Other studies have also targeted this region of the initiator caspases to prevent dimerization. Caspase-9 activated by the apoptosome and an engineered constitutively dimeric caspase-9 were inhibited by small molecules (Comp-A, -B, -C, -D) binding to exosite A at the dimerization interface (Feldman, et al., 2012). Active caspase-8 is dimeric, but also exists in equilibrium with its monomeric form, which can be resolved by size-exclusion chromatography (SEC). Binding of Comp-A shifted the dimeric caspase-8 to its monomeric form with a concurrent decrease in activity. This is in contrast to caspase-7 which remained dimeric upon binding of Comp-A, although in an inactive, incompetent conformation (Feldman, et al., 2012). Thus it appears that allosteric regulation of dimerization may be uniquely applicable to the initiator caspases which have a low intrinsic dimerization affinity relative to the executioner caspases.

4.3 Synthetic inhibitors of caspase-6

A small peptide, pep419, developed at Genentech, inhibits caspase-6 allosterically (Stanger, et al., 2012) and lead to the discovery of exosite G (Fig. 4.0). Pep419 was identified using phage display screen against caspase-6 zymogen and selectively inhibits caspase-6 function in vitro and in vivo. Pep419 binds at a novel tetramer interface that centrally involves residue H126 in the binding interface, which is not conserved among executioner caspases.
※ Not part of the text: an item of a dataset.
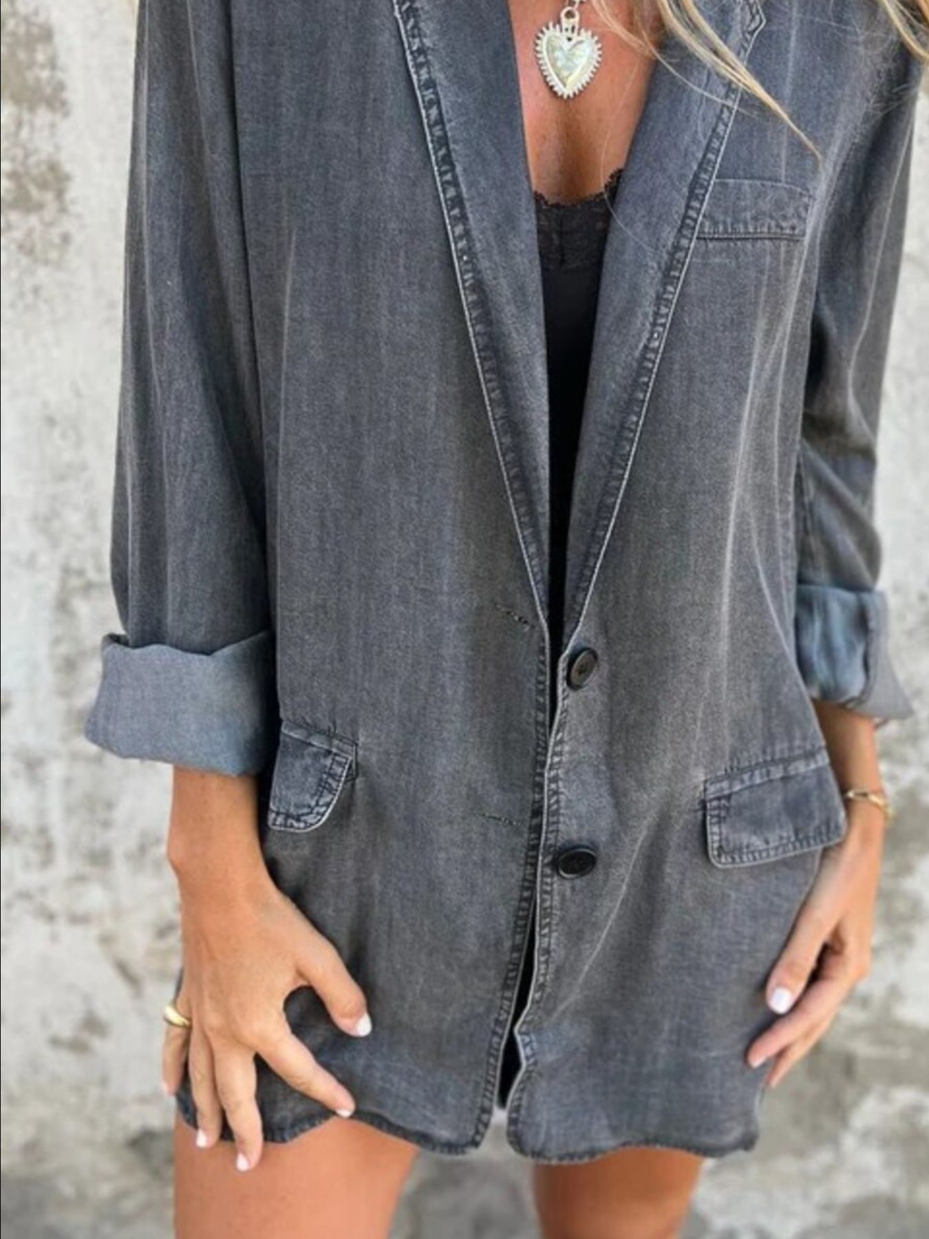 Full Size Button Down Denim Blazer Plus Size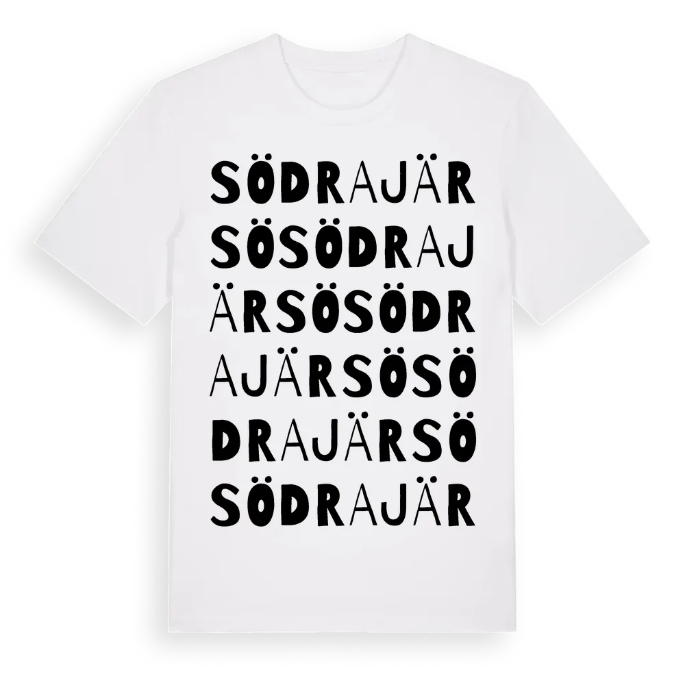 Södra Järsö ordlek t-shirt är inspirerad av Södra Järsö i Stockholms län, Sverige. Tröjan är designad för dig som har en speciell koppling till platsen – oavsett om du bor här, har rötterna här eller bara älskar Södra Järsö.

The tetrameric state of caspase-6 zymogen they observed by multiangle light scattering (MALS) is novel relative to the many reported structures of executioner caspase zymogens as dimers (Jijie Chai, et al., 2001; S. J. Riedl, et al., 2001; X. J. Wang, et al., 2010b). Pep419 as an allosteric regulator of both active and zymogen caspase-6 follows a novel noncompetitive mechanism that involves a seemingly global effect on protein dynamics affecting the overall oligomeric state of the enzyme rather than on a specific conformational change. The authors suggest that pep419 binding stabilizes tetrameric caspase-6 zymogen form and traps active caspase-6 in tetrameric, zymogen-like form.
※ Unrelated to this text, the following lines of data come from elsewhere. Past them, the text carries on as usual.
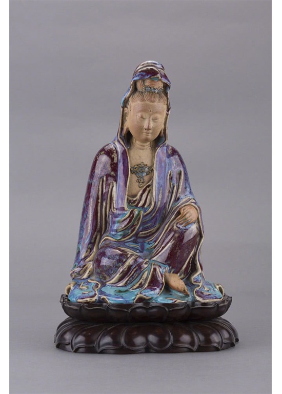 這件就是馬未都馬爺收藏的一尊雍正年間的觀音瓷塑,這件瓷塑據(jù)馬未都在收藏馬未都節(jié)目當(dāng)中的介紹,我們可以得知,這件觀音瓷塑身披窯變,而恰恰就是這個(gè)窯變讓這尊觀音增加了神秘感,這是雍正時(shí)期的窯變,這個(gè)時(shí)期的窯變從顏色到觀音的姿態(tài),讓人感受到一種富麗堂皇的感覺,窯變呈現(xiàn)出一種紅藍(lán)相間的抽象對(duì)比色,觀之讓人很快進(jìn)入一種奇幻的世界,馬未都在節(jié)目中透露,紅藍(lán)相間是雍正年間窯變瓷器的標(biāo)準(zhǔn)的鑒定方法,馬爺直言清代早期的佛造像有當(dāng)年宋金時(shí)期的味道,面部比較豐滿并且比較鼓,眉毛和眼睛之間比較緊湊,表情像是在思考,此尊觀音整體感覺非常安靜,身體也非常放松,衣著也非常松弛,馬爺這件觀音瓷塑表達(dá)了自在觀音的基本形態(tài),馬爺還拿出了一個(gè)手電,按照一個(gè)有規(guī)律的軌跡從不同的角度照射觀音時(shí),發(fā)現(xiàn)觀音的面部出現(xiàn)了不同的變化,由沉穆變成笑意滿臉,觀眾看后恍然大悟,十分神奇。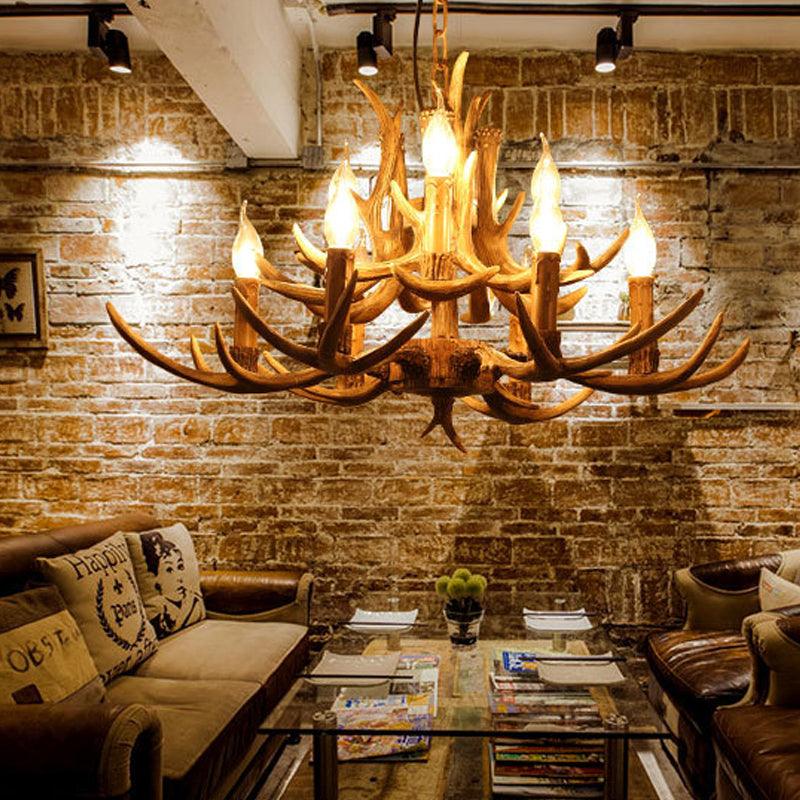 2-Tier Living Room Hanging Lamp Traditional Resin 9 Bulbs Chandelier | Rebooters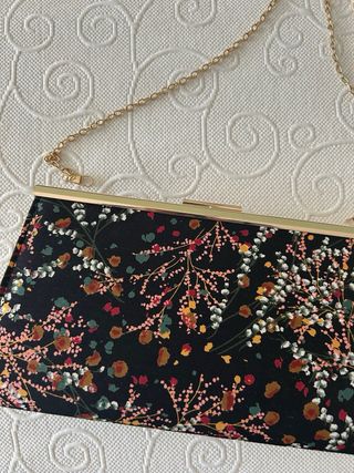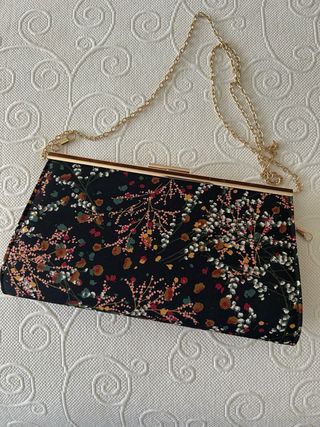 Bolso de mano con un diseño floral muy llamativo, ideal para eventos especiales. - Cierre de broche dorado. - Cadena dorada para llevar al hombro. - Estampado multicolor sobre fondo negro.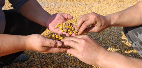 履带式收割机收完玉米后直接脱粒,这些玉米粒在阴雨天里不能晾晒,如果不及时烘干,很快就会霉变。刘一飞和王振一方面通过网络联系河南、安徽、河北等地,另一方面赶赴潍坊、德州、济宁寻找烘干设备。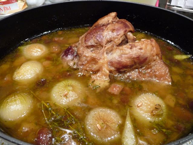 Bring to a gentle simmer on the hob. Cover and place in a warm oven for 3 hours. You will need to check the meat every hour or so and turn it over. Someone turned the oven down at some point, so we ended up cooking the dish for nearer five hours but you will know your own oven best. Once the meat has cooked and softened, add small whole onions and return to the oven for another 45 minutes or so. Then add 50 grams of spelt (farro) per person, check seasoning, cook for another 30 minutes. If you don’t have spelt, then try barley.
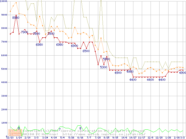 Socket 370・FSB 66MHzの最安値推移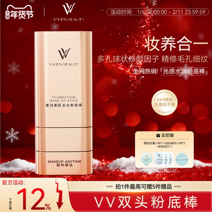VV 双头橡皮擦粉底遮瑕持妆提亮水润防水防汗 24 小时粉底膏正品

While most reported caspase allosteric inhibitors bind to exosites (Figure 1.0), a unique uncompetitive, 11-nM inhibitor of caspase-6 binds selectively to the enzyme-substrate complex that impedes substrate turnover (Heise, et al., 2012). Generated from chemical optimization screen, compound 3 is an optimized analog of an N-furoyl-phenylalanine designed to contain meta-cyano substituted D-phenylalanine and demethylated furan ring. The binding of compound 3 to caspase-6 is dependant on the identity of the peptide substrate and, surprisingly, on the identity of the attached fluorophore. The ternary crystal structure of caspase-6/z-VEID/compound 3 reveals a novel platform for uncompetitive inhibition for any members of the caspase family. This type of inhibition could occur only in the presence of a second small molecule like the fluorophore or in a larger compound composed of both the compound 3 pharmacophore and a fluorophore mimic. Nevertheless, compound 3 and pep419 provide novel mechanisms for caspase inhibitors that work allosterically or unconventionally.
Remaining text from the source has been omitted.